The decline of indigenous languages: Have we reached the end?
Apart from being a mode of communication, indigenous languages are also a mark of identity.
As a medium to convey their thoughts and emotions to one another, humans learned to vibrate the strings of their throats in a certain way to create specific sounds and these sounds were later called languages. However, over the course of time, languages have grown to mean much more than being just a way of conveying thoughts and emotions. This is true, especially for indigenous people. Their languages have become an intimate part of their being, their culture and their history.
At the same time, as people started to migrate from place to place and as civilizations started to clash with one another, the mixture and adulteration of languages became an inevitable reality. From major languages, many regional dialects started to break apart and linguistics became an actual scientific study of languages, their origin and usage.
Cambridge dictionary defines language as “a system of communication consisting of sounds, words and grammar”. But in actuality, apart from being a mode of communication, indigenous languages are also a mark of identity.
Erosion of Languages Currently
At the current point in time, there is growing recognition of the inefficacy of the current core language programs in school and community language revitalization and maintenance projects standard approaches to language retention and revitalization, current core language programs in school and community language revitalization and maintenance projects, are not working. Indeed, this conclusion is borne out by the statistics for the five-year period between 1996 and 2001 which saw the percentage of Indigenous people who spoke their mother tongue decline from 29% to 24%.8 Considering that most of those speakers are over 50 or 60 years of age, this percentage is most certainly declining at a much faster rate at present than it did between 1996 and 2001. Even if it continues to decline at the same rate of 1% per year we are in serious trouble. Indeed, it means that a serious rethinking of language survival strategies is most urgent, especially in light of current political and economic realities where monies for language survival have already been clawed back (in late 2007), and where the availability of funds from federal coffers is rapidly declining.
On the matter of the drastic decline and imminent extinction of Indigenous languages in the world:
“Before colonization, there were about 63 languages in Canada belonging to 11 different language families, the largest being Algonquian. Of the 63 languages, at least 6 are considered to be in a critical state with fewer than 50 speakers, while only 3, Cree with 80,000 speakers, Ojibway with 23,000, and Inuktitut, with 29,000, are considered to be healthy enough to survive the present century (Norris 2002). All the others, mostly with fewer than 1000 speakers, are expected to disappear from the face of the earth unless drastically new strategies are implemented to reverse the trends. Like climate change, the factors in this phenomenon are multiple and complex, and like climate change, the consequences are multiplying exponentially (Krauss 1992: 4–10, Fettes 1998, Nettle and Romaine 2000).”
Health Of An Indigenous Language
Static numbers are not the only ways to measure the health of a language. The ages of fluent speakers and the proportions and levels of fluency are even more telling indicators. For example, out of the 69,07,622 people living in the Kashmir valley, 13,69,537 are Kashmiri speakers but at the same time, the majority population of the valley is not able to read and write the script of the language.

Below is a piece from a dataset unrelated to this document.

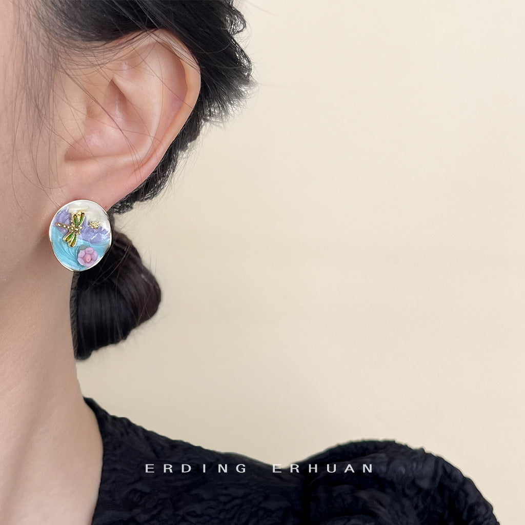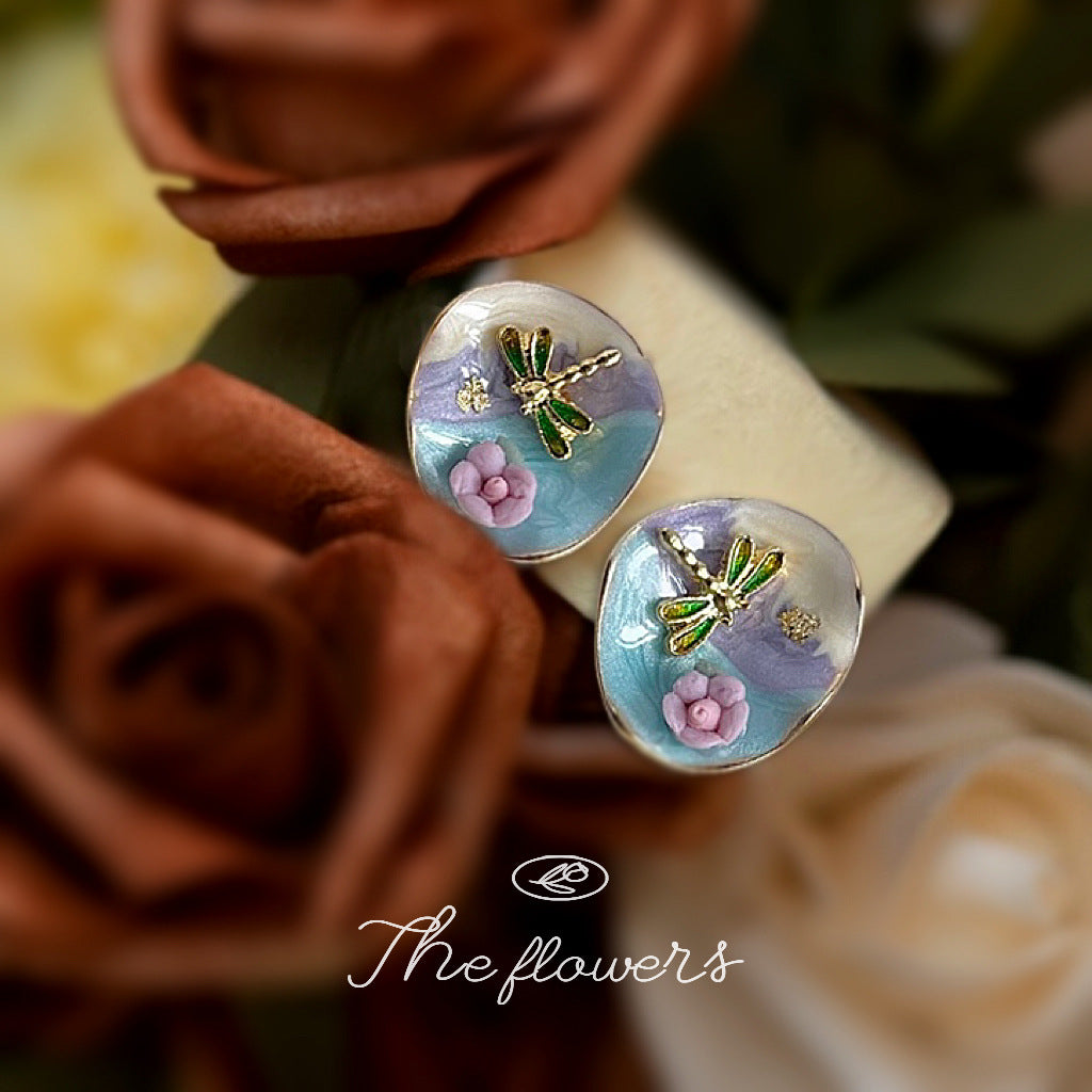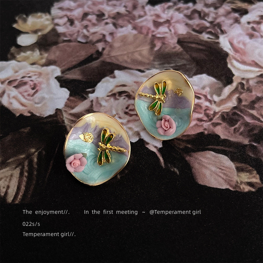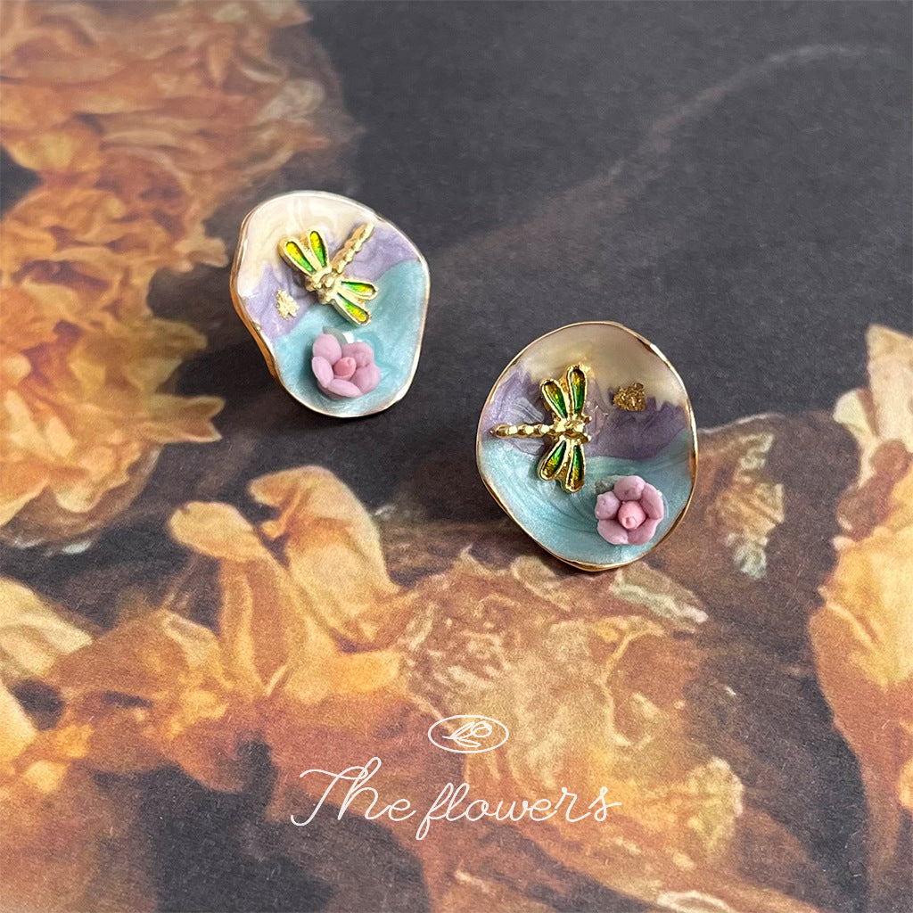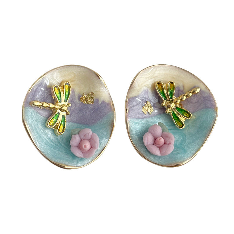 C廠【4427】美人甜美油畫質感琺瑯滴釉質感漸變色蜻蜓鍍14K耳飾耳環耳環 24.06-4

As of today, the generation that originally spoke indigenous languages is all but fast diminishing and although there have been efforts to promote the use of these languages to stop them from getting totally lost, these have been futile. The fact stands that like many indigenous languages of the world, which were once proud and important but later got obliterated, almost all indigenous languages are also heading towards the same unfortunate end. So, while history has seen civilizations being buried and turned to ruins, the fate of some languages has not been any different. When I was reading about these languages, inadvertently my mind was drawn to the scared, sullen and rustic faces of the people ready to be gassed to death.
As a Kashmiri who cannot write and read his mother language, I cannot help but question, does a language, that is the final reminder of their resilience and their unfortunate plight, deserve the same unlucky end? Should it not be indemnified upon mankind to restore and preserve these beautiful and romantic indigenous languages in honour of those whose entire world came crumbling down upon them? If I am asked today what language I want to learn, I’ll gladly say Kashmiri. But, who is going to teach me when those whose legacy it represents are the very same individuals who are shunning it and burying it deep in the pages of history?